## Task objective:
Wherever an image appears in the records, exclude it, and reproduce everything else exactly.

[[ Exercise material, beginning ]]

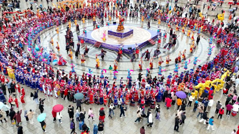 3月29日,廣西來賓市興賓區舉行“廣西三月三·八桂嘉年華”千面蜂鼓萬人舞民俗活動?;顒尤诤戏沁z傳承與創新表達,通過師公戲、壯族蜂鼓、踩堂舞、舞龍舞獅等特色節目,生動展現了壯族文化的深厚底蘊與中華民族文化的多元包容。(韋蘇 譚貴丹)
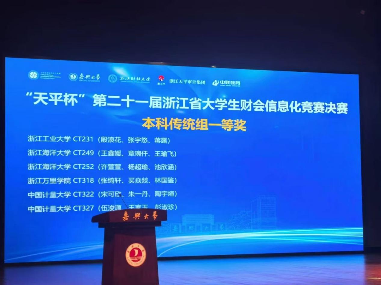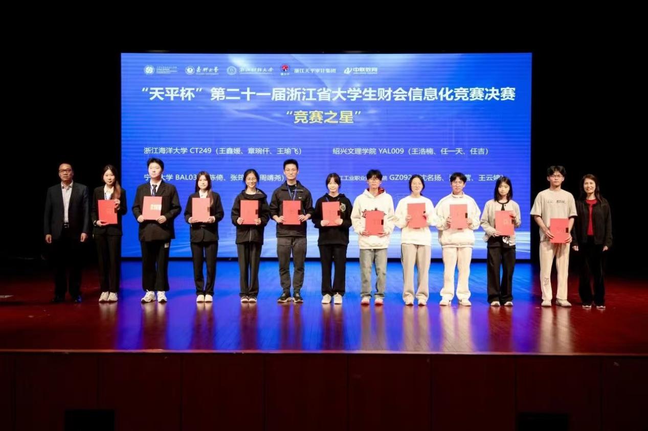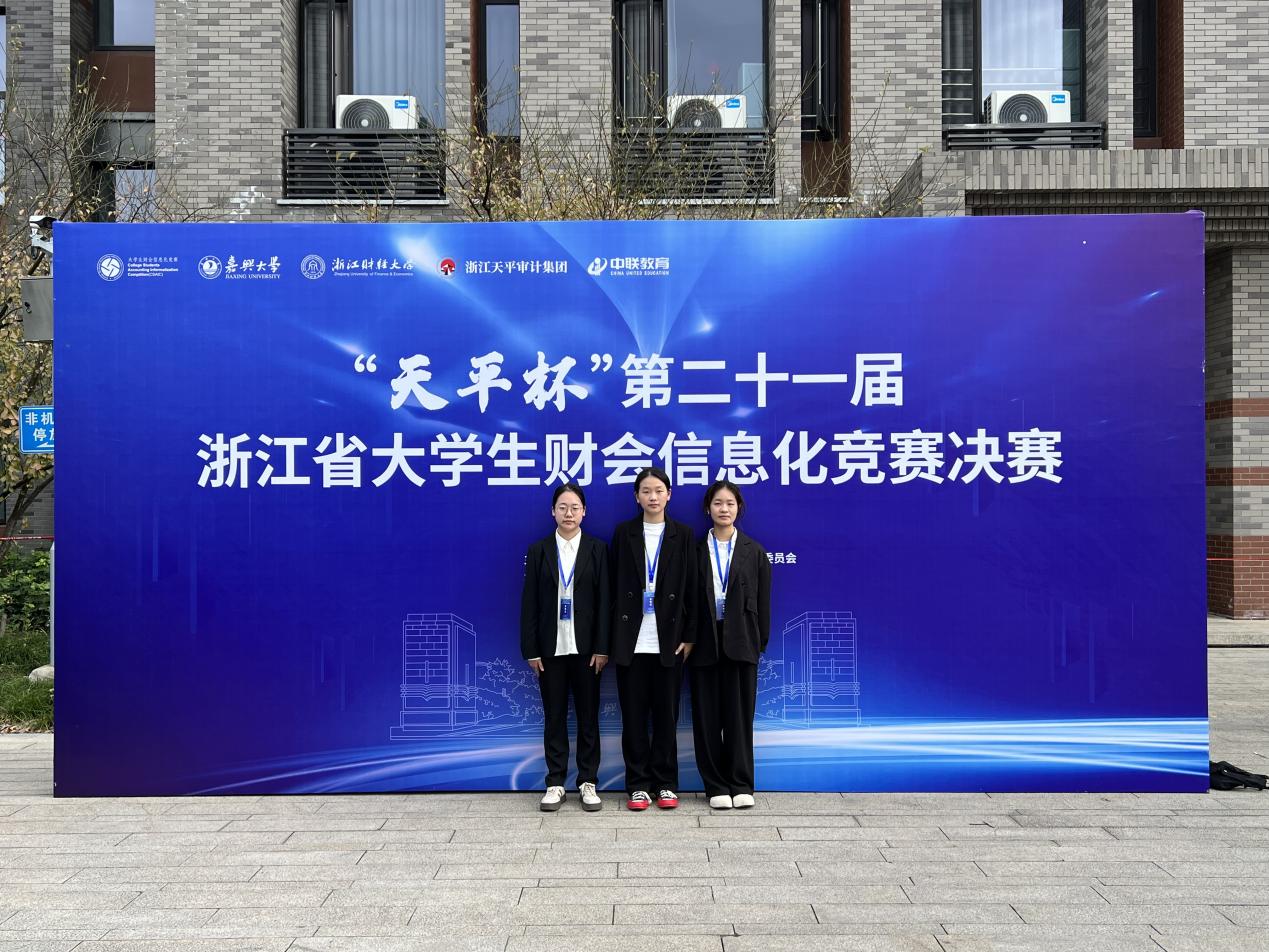 2024年11月9日,由浙江省教育厅、浙江省大学生科技竞赛委员会主办,嘉兴大学、浙江财经大学承办的“天平杯”第二十一届浙江省大学生财会信息化竞赛决赛在嘉兴大学成功举办。黄色网站 6组参赛队伍在叶海英、赵珍、李征三位教师的指导下全部获奖,在该项竞赛上斩获2项省一等奖、4项省二等奖的优异成绩,并以初赛复赛总分第一的成绩拿到“竞赛之星”荣誉称号,为黄色网站 在该项竞赛上取得历史性突破。
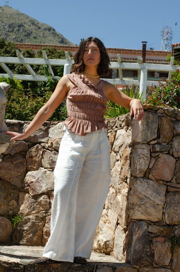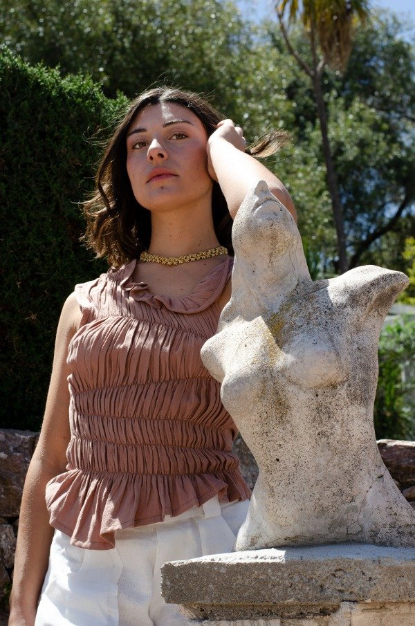 Blusa drapeada con elástico interno, solo en delantero, en formas diagonales que generan una sutileza en su volumen final. La espalda es lisa. Asimétrica, un hombro es mas ancho que el otro y tiene un lado diagonal. Se adapta hasta tres talles más ya que su delantero es el doble de tela de ancho. Color : Ladrillo
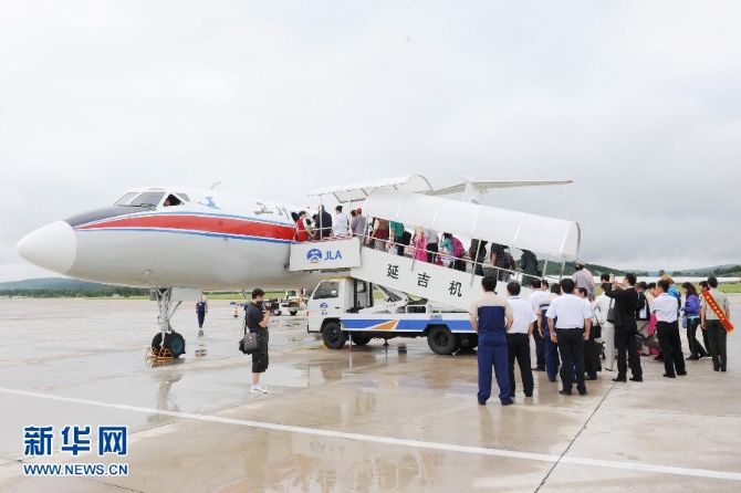 赴朝鲜旅游的游客登机。资料图片来源:新华社 管清江 摄
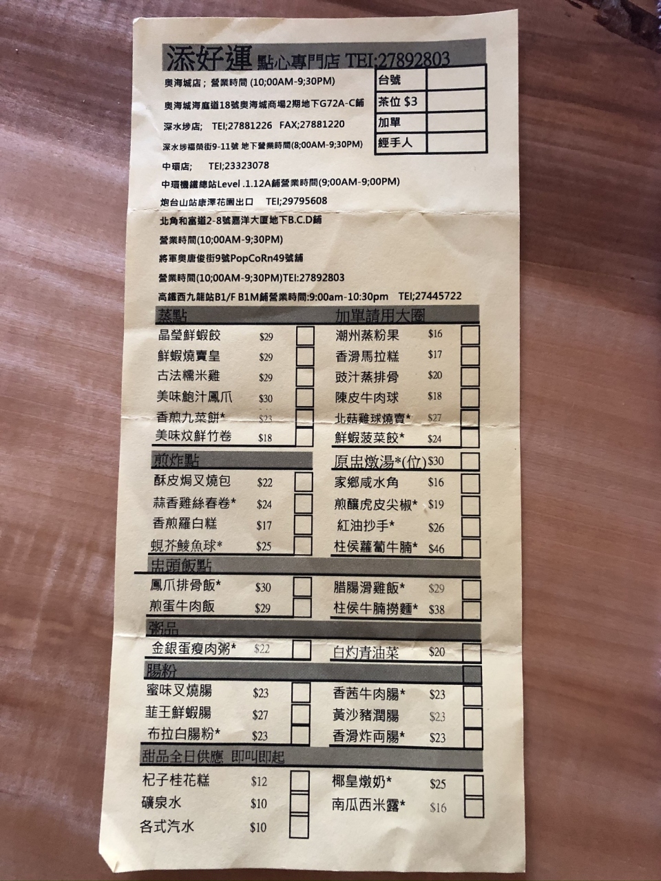 中に入るとポップコーンというきれいなショッピングモールの中にあるだけあってとってもきれいですが、お客さんはローカルばかり。テーブルにつくとメニュー表に鉛筆でチェックを入れて店員さんに渡すと料理が運ばれてきます。テーブルには食器とレンゲ、箸がおかれており、みんなお茶が届くとそのお茶でじゃぶじゃぶ食器を洗い出します。食器や箸が汚いわけではないのですが、その昔の習慣だそうです。でも周りの人たち全員洗ってました。すべておいしかったです。英語は通じないので、事前にメニューのチェックは必要でした。- 旅行時期

[[ Exercise material, end ]]

## Finished task:
 3月29日,廣西來賓市興賓區舉行“廣西三月三·八桂嘉年華”千面蜂鼓萬人舞民俗活動?;顒尤诤戏沁z傳承與創新表達,通過師公戲、壯族蜂鼓、踩堂舞、舞龍舞獅等特色節目,生動展現了壯族文化的深厚底蘊與中華民族文化的多元包容。(韋蘇 譚貴丹)
 2024年11月9日,由浙江省教育厅、浙江省大学生科技竞赛委员会主办,嘉兴大学、浙江财经大学承办的“天平杯”第二十一届浙江省大学生财会信息化竞赛决赛在嘉兴大学成功举办。黄色网站 6组参赛队伍在叶海英、赵珍、李征三位教师的指导下全部获奖,在该项竞赛上斩获2项省一等奖、4项省二等奖的优异成绩,并以初赛复赛总分第一的成绩拿到“竞赛之星”荣誉称号,为黄色网站 在该项竞赛上取得历史性突破。
 Blusa drapeada con elástico interno, solo en delantero, en formas diagonales que generan una sutileza en su volumen final. La espalda es lisa. Asimétrica, un hombro es mas ancho que el otro y tiene un lado diagonal. Se adapta hasta tres talles más ya que su delantero es el doble de tela de ancho. Color : Ladrillo
 赴朝鲜旅游的游客登机。资料图片来源:新华社 管清江 摄
 中に入るとポップコーンというきれいなショッピングモールの中にあるだけあってとってもきれいですが、お客さんはローカルばかり。テーブルにつくとメニュー表に鉛筆でチェックを入れて店員さんに渡すと料理が運ばれてきます。テーブルには食器とレンゲ、箸がおかれており、みんなお茶が届くとそのお茶でじゃぶじゃぶ食器を洗い出します。食器や箸が汚いわけではないのですが、その昔の習慣だそうです。でも周りの人たち全員洗ってました。すべておいしかったです。英語は通じないので、事前にメニューのチェックは必要でした。- 旅行時期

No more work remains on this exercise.